Items from a data source
[Start of Attachment]

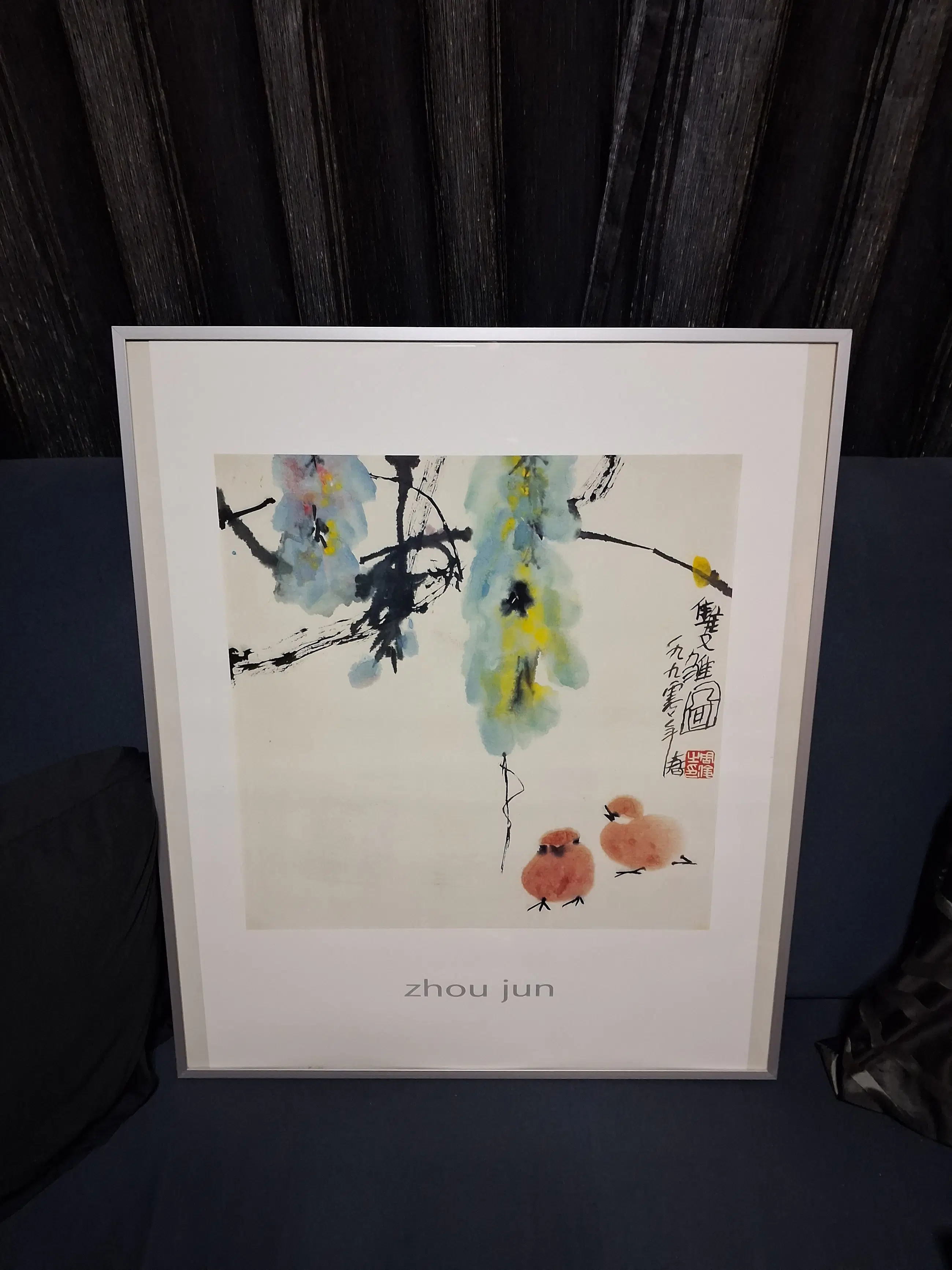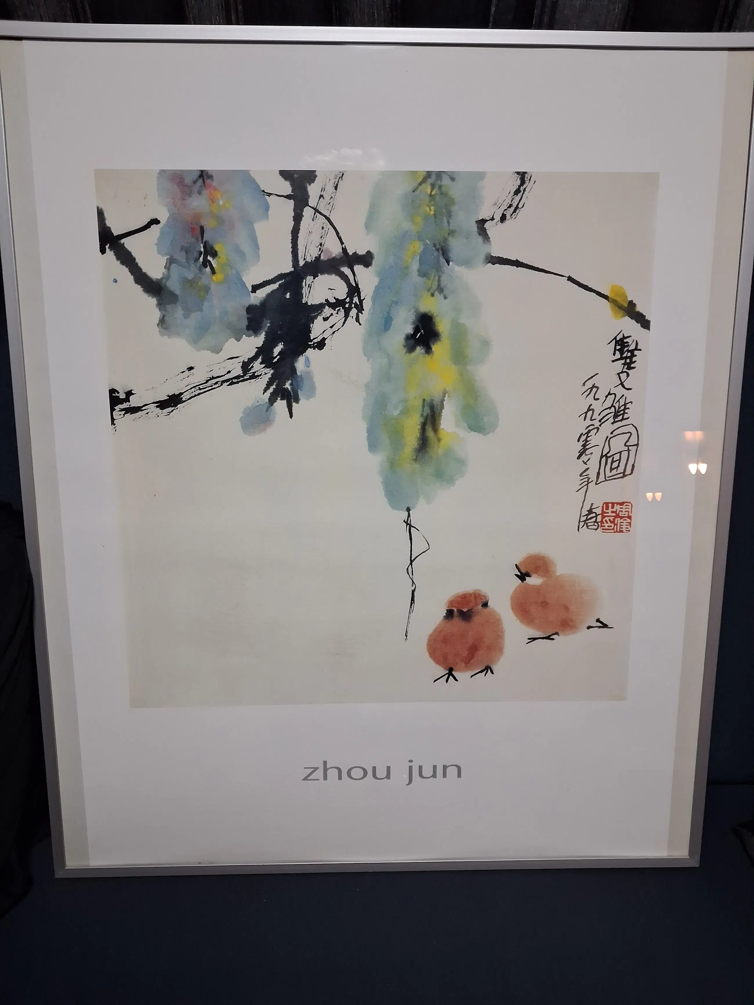 Prachtige litho/zeefdruk/print van Zhou Jun. In mooie nette metalen lijst.
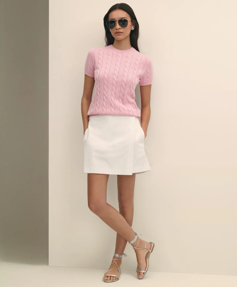 Mixing form and function, our cute cotton skort has a wrap skirt front and exposed shorts at the back. On-seam pockets and a touch of stretch make these a must for active days that sacrifice nothing to style.
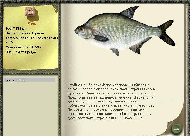Рыбное место Максимальный вес 100% Вероятность 3
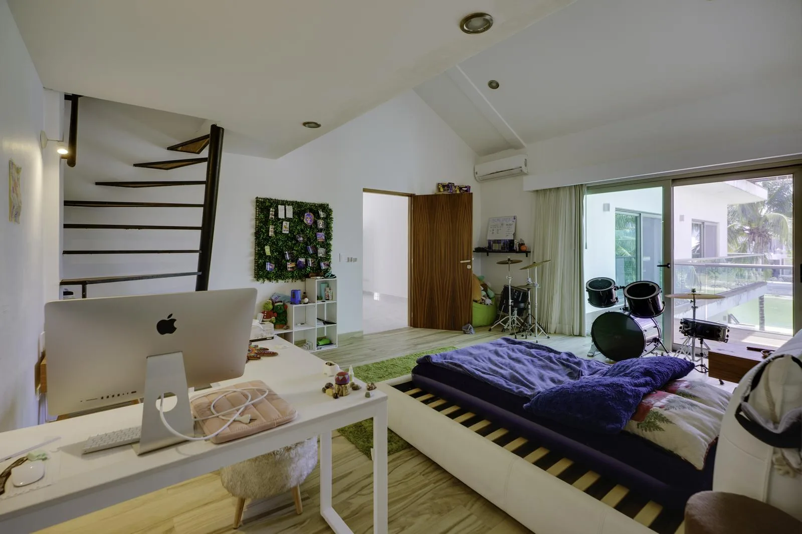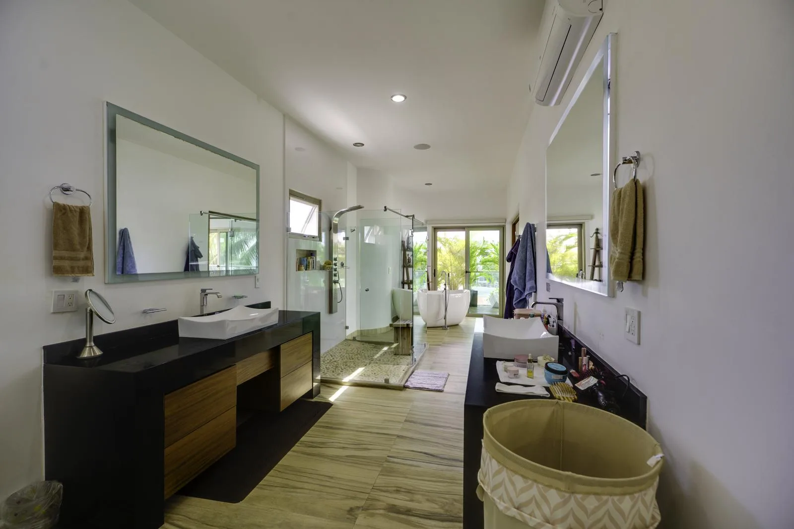 On the upper floor, the primary bedroom boasts a private terrace, a full bathroom with double sink, a tub, and a spacious walk-in closet. Two additional bedrooms each have a private bathroom, air conditioning, and terrace access. This floor also contains an office with a terrace, a family room, and an additional kitchenette.
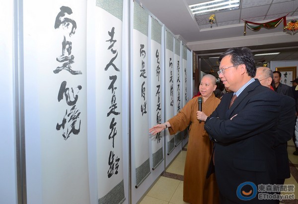 「2017年星雲大師一筆字展」3日於桃園市政府舉辦記者會。蒞臨會中的市長鄭文燦指出,星雲大師「一筆字」展覽,可感受佛法滿滿能量,期盼每個人的心和佛教結合,讓佛法走入日常生活,讓每個人都能發揮菩薩精神,在社會中扮演好自己的角色。
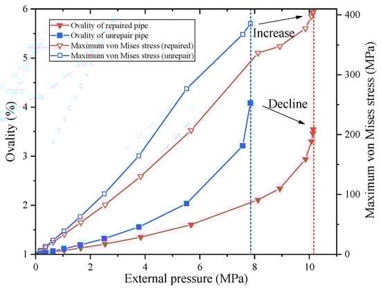 CFRP significantly enhances the external pressure resistance of the pipeline and reduces the ovality when the pipeline is crushed. As shown in Figure 18, the maximum stress and ovality of the steel pipe before and after repair both increase with the increase in external pressure. Before the repair, when the external pressure reached 7.84 MPa, the ovality in the middle of the pipeline defect was 4.08%, and the maximum stress of the repaired pipeline reached 404.67 MPa, which was higher than the maximum stress of 385.18 MPa before the repair. Therefore, when the external pressure reached 10.15 MPa, the local stress of the repaired pipeline exceeded the yield strength of the steel pipe material. However, there is no large-scale collapse due to the limitation in CFRP. According to previous studies, the collapse pressure of the pipeline is positively correlated with the ovality. Therefore, CFRP increases the radial stiffness of the pipeline and the stability of the defect parts, limits the deformation of the steel pipe, and improves the overall stability of the pipeline.
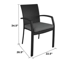 Cosco’s Lakewood Ranch steel and resin wicker cushioned dining chairs are the perfect chairs to bust out when friends and family visit. These chairs are constructed with a strong steel frame for extra support and durability, wrapped in resilient black resin wicker. The plush charcoal seat cushions are covered in a woven breathable fabric which, along with the frame, is durably made to last while being easy to clean and maintain.
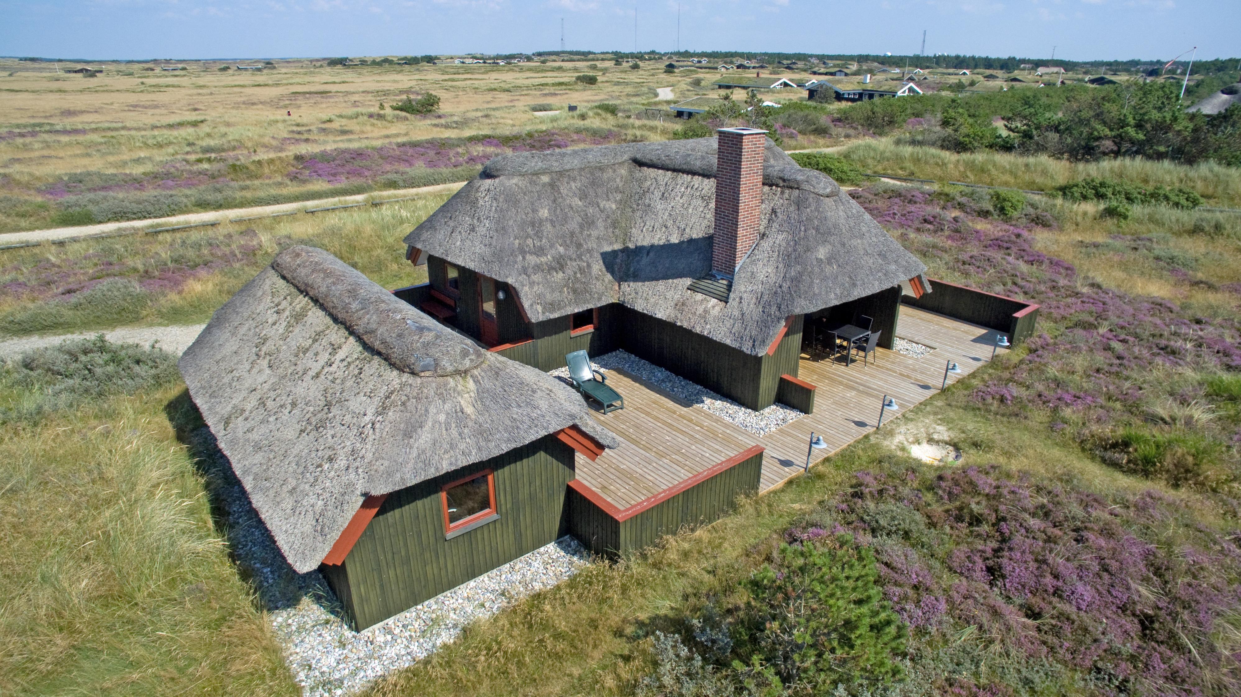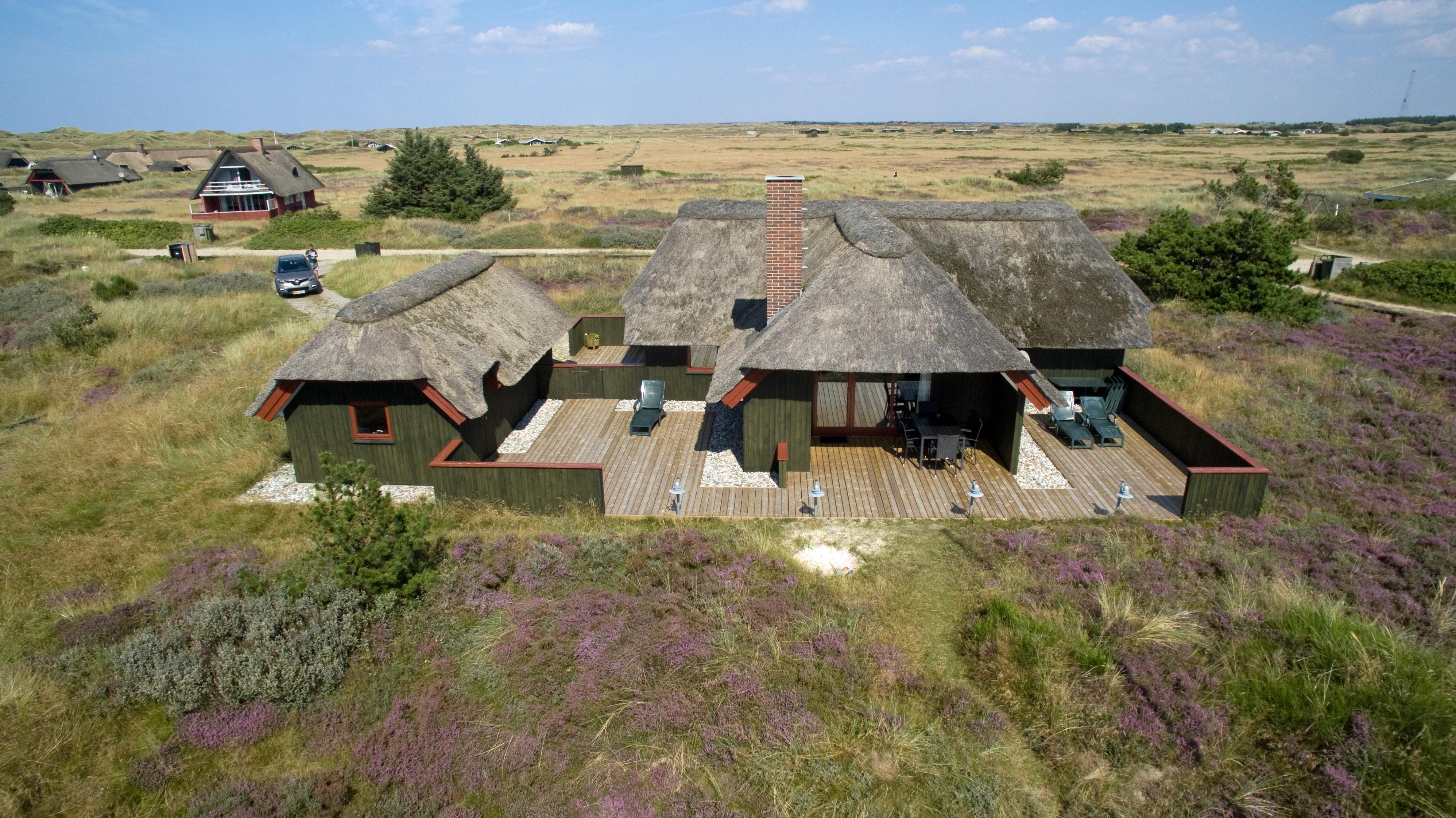 Hyggeligt stråtækt sommerhus til 6 personer, beliggende i klitterne, ca. 250 meter fra stranden. Stue med brændeovn, fjernsyn og parabol (DR programmer). Køkken med opvaskemaskine, mikroovn og køle-/frysekombination. Der er 3 sove rum: DS + 3/4 seng + 3/4 seng. Badeværelse med bruser/wc. Derudover har huset sauna, vaskemaskine og tørretumbler. Trådløs internet. Varmepumpe. Adgang til Oksbøl Badeland 2025. Stor delvis overdækket terrasse. Gynge og sandkasse. Husdyr er ikke tilladt! Husdyr er ikke tilladt! Byggeår 1986.
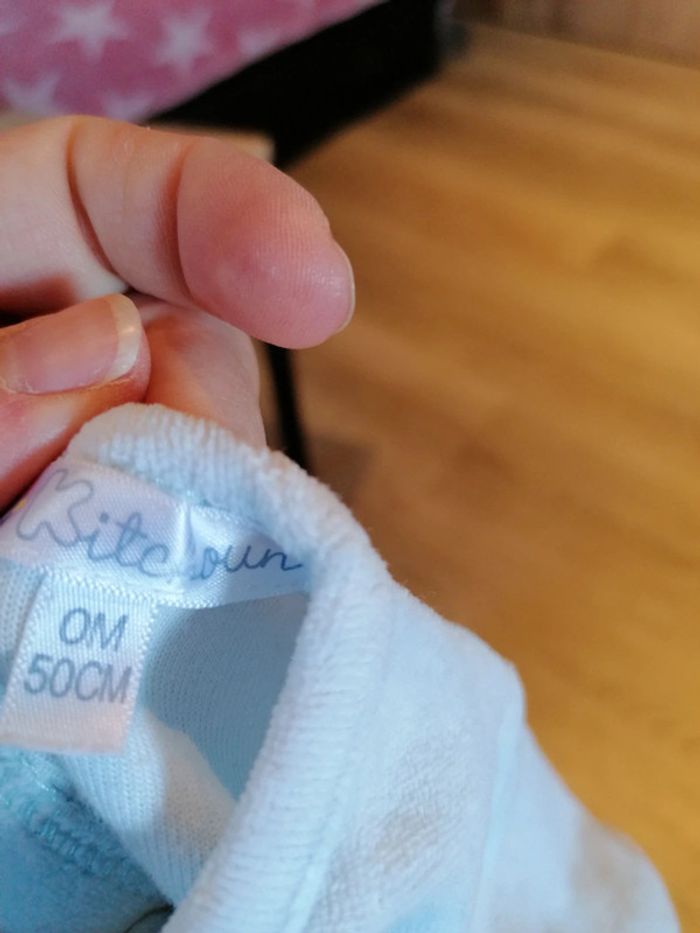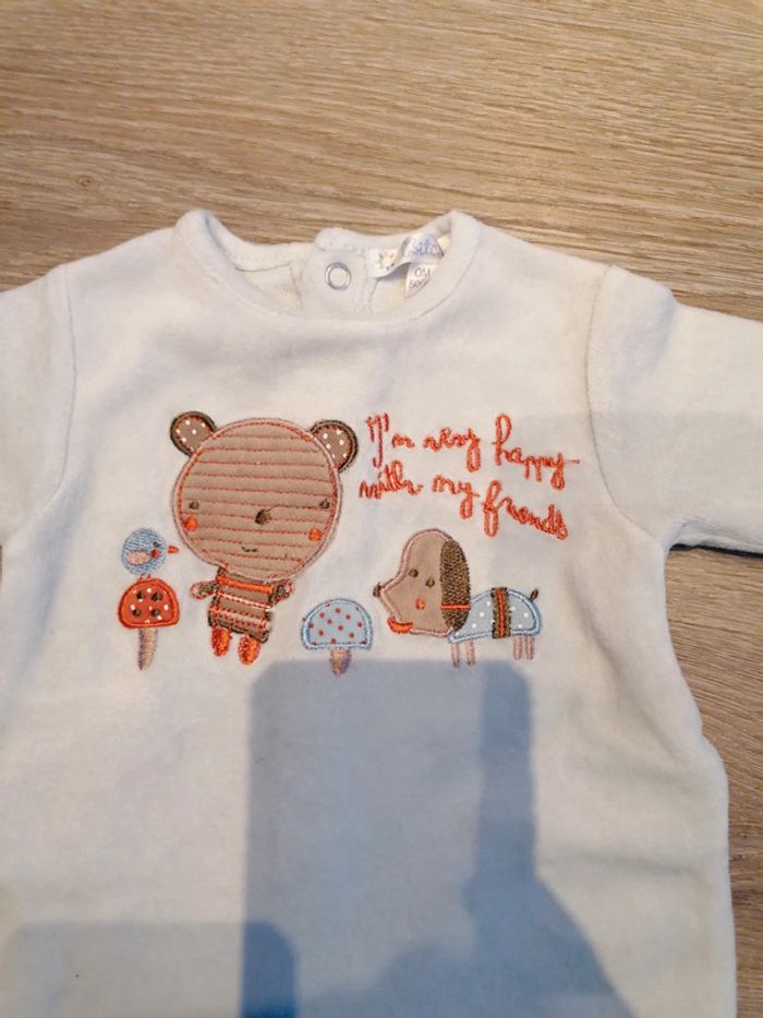 Bonjour, je vends ce babygros bleu ciel. Marque Kitchoun. Naissance. Matière velours.
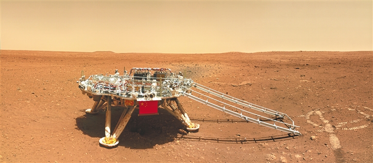 “中国印迹”图是火星车行驶到着陆平台东偏南60°方向约6米处,拍摄的着陆平台影像图。图像显示,着陆平台熠熠生辉,国旗鲜红方正,表面地貌细节丰富。
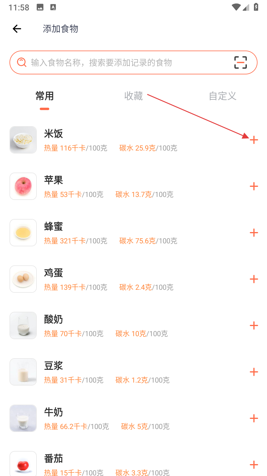 3、進(jìn)入添加食物頁面后,找到目標(biāo)食物后點(diǎn)擊其右側(cè)的+號。
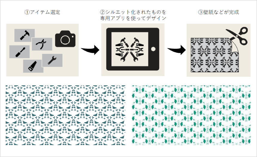 まずはお客さまが、ご家族の大切な思い出やお子さまの記念の品、大好きなペットや趣味・お気に入りの道具などの写真や画像を選定します。その後、タブレット端末を使用し、シルエット化された画像をアプリで自由に配置・デザインすれば、簡単にオリジナルのダマスク模様※をつくることが可能です。オリジナルのダマスク模様は壁紙やファブリックなどに出力し、施工・制作することで「思い出/お気に入り」を生活の中に溶け込ませることができます。
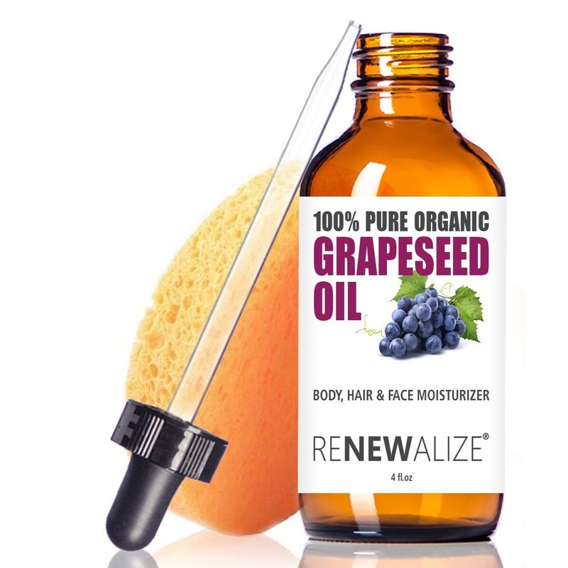 ORGANIC GRAPESEED OIL Anti-Aging Moisturizer - Facial Cleanser in 4 oz Glass Bottle | Unrefined, Cold Pressed Grape Seed Oil | Essential to Reduce Skin Wrinkles and Stretch Marks

[End of Attachment]

TASK STATEMENT | Exact copy, pictures excluded: from the line with "Cosco’s Lakewood Ranch" up to and including the line with "Hyggeligt stråtækt sommerhus" in the data above.

ANSWER SECTION |
 Cosco’s Lakewood Ranch steel and resin wicker cushioned dining chairs are the perfect chairs to bust out when friends and family visit. These chairs are constructed with a strong steel frame for extra support and durability, wrapped in resilient black resin wicker. The plush charcoal seat cushions are covered in a woven breathable fabric which, along with the frame, is durably made to last while being easy to clean and maintain.
 Hyggeligt stråtækt sommerhus til 6 personer, beliggende i klitterne, ca. 250 meter fra stranden. Stue med brændeovn, fjernsyn og parabol (DR programmer). Køkken med opvaskemaskine, mikroovn og køle-/frysekombination. Der er 3 sove rum: DS + 3/4 seng + 3/4 seng. Badeværelse med bruser/wc. Derudover har huset sauna, vaskemaskine og tørretumbler. Trådløs internet. Varmepumpe. Adgang til Oksbøl Badeland 2025. Stor delvis overdækket terrasse. Gynge og sandkasse. Husdyr er ikke tilladt! Husdyr er ikke tilladt! Byggeår 1986.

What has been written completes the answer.